§ YOUR ASSIGNMENT:
Go through the listing below and write out exactly the lines from the one that mentions "组合模块是卫浴套系化的一个关" through the one that mentions "PPHOME溫柔設計感綁帶收腰麻花毛衣女秋冬韓系高級感寬松針織開衫", minus the pictures.

§ THE INPUT:
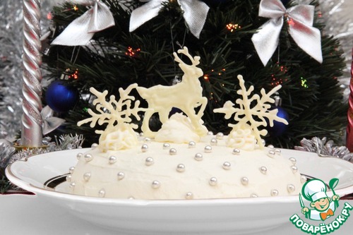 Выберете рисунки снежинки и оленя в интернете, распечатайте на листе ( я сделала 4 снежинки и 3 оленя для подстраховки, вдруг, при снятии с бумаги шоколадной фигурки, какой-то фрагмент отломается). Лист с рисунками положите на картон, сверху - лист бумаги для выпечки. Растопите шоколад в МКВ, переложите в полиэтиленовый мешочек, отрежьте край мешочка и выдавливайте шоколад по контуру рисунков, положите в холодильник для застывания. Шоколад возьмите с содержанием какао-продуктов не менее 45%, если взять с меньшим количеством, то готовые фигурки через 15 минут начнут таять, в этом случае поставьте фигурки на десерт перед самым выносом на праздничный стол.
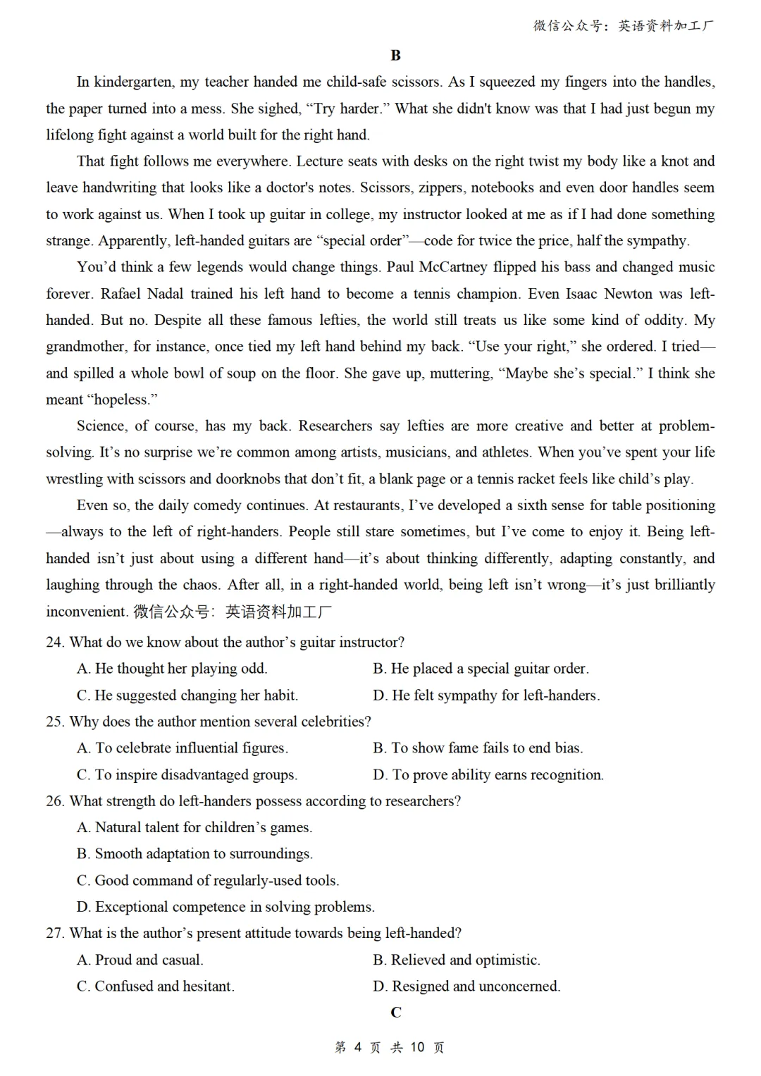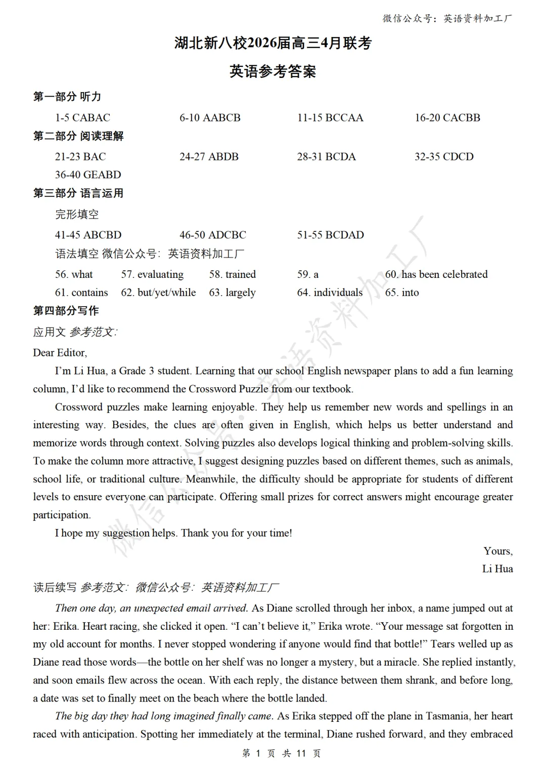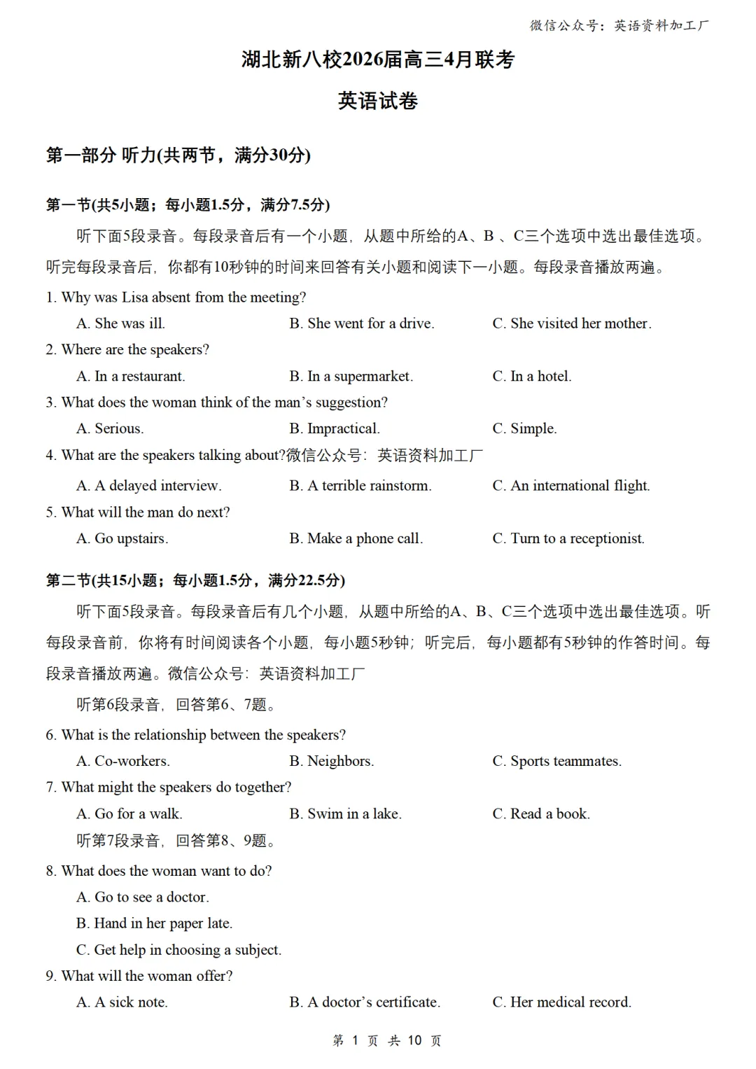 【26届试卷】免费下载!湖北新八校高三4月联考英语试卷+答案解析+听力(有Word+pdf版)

...

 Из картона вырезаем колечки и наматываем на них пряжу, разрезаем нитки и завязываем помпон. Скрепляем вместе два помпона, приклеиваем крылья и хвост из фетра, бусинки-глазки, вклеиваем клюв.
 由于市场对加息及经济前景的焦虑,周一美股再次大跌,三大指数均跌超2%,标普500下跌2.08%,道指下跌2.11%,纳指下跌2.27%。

---

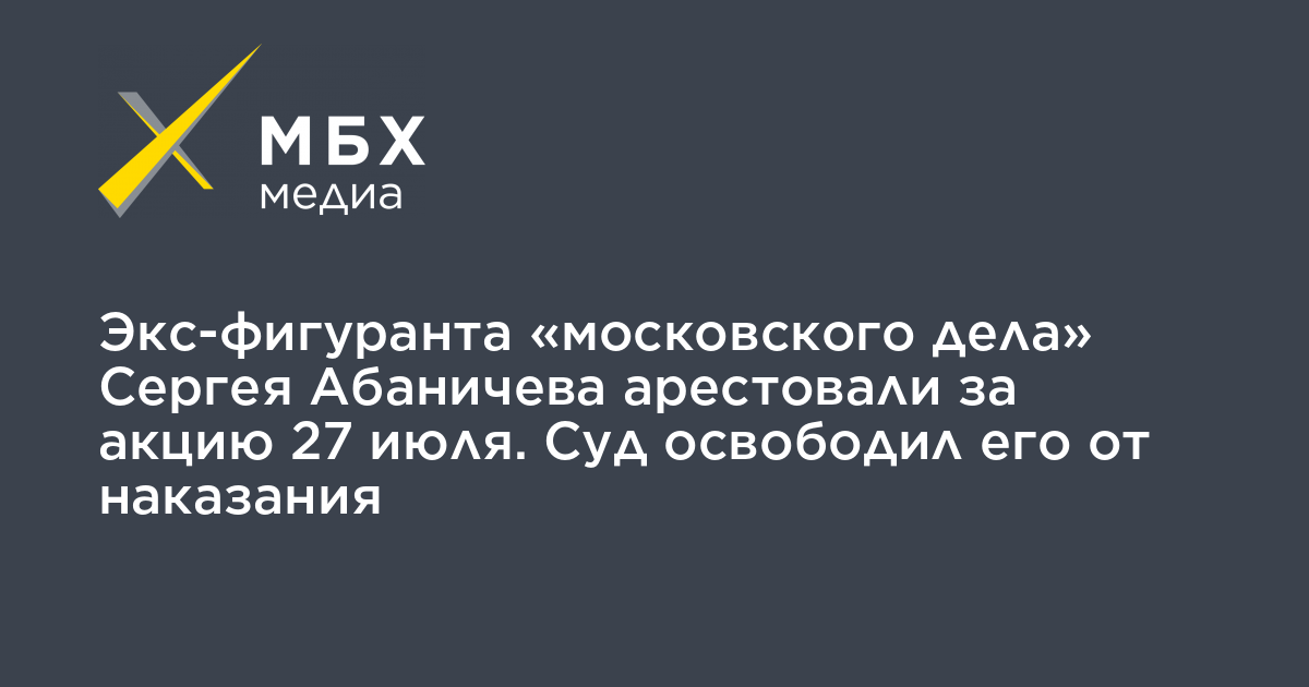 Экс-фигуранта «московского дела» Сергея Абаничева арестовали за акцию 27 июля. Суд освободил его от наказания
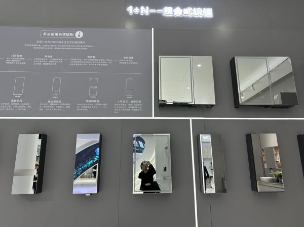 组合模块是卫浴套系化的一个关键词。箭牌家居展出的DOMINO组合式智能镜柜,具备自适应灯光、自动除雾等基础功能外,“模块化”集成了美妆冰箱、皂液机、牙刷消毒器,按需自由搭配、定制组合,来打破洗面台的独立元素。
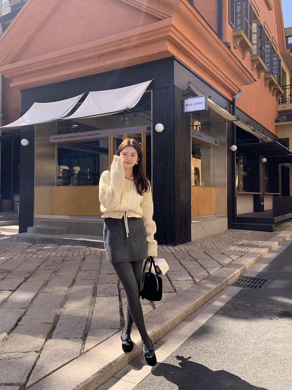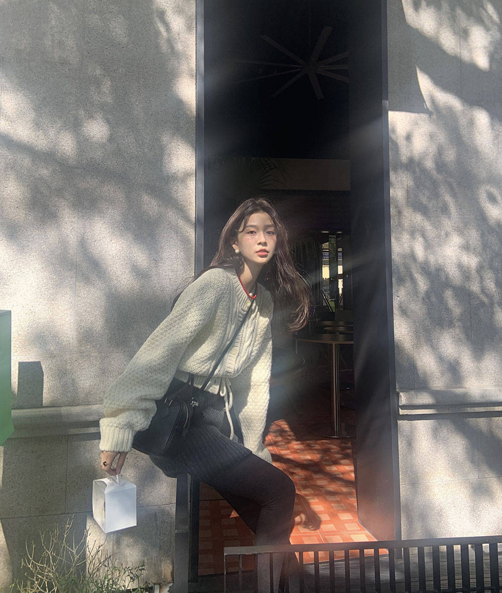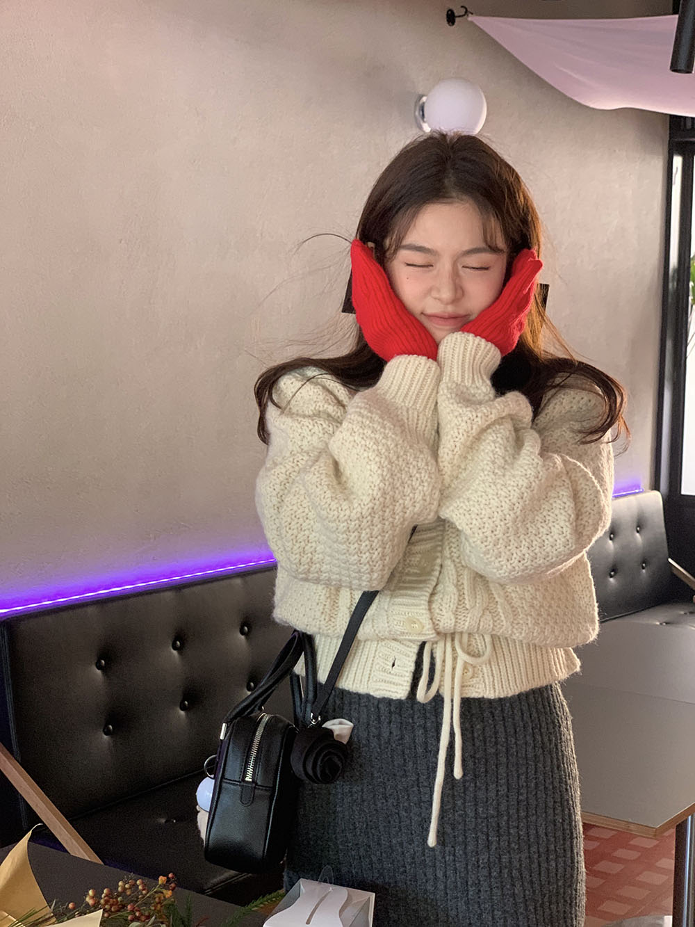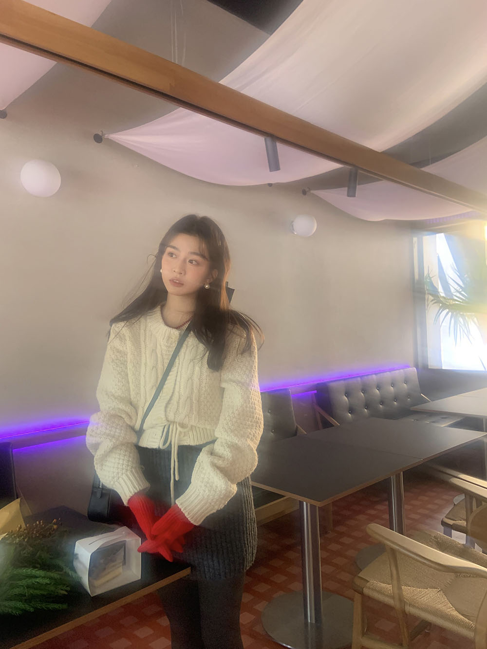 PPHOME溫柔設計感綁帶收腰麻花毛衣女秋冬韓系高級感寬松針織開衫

§ TASK RESULT:
 组合模块是卫浴套系化的一个关键词。箭牌家居展出的DOMINO组合式智能镜柜,具备自适应灯光、自动除雾等基础功能外,“模块化”集成了美妆冰箱、皂液机、牙刷消毒器,按需自由搭配、定制组合,来打破洗面台的独立元素。
 PPHOME溫柔設計感綁帶收腰麻花毛衣女秋冬韓系高級感寬松針織開衫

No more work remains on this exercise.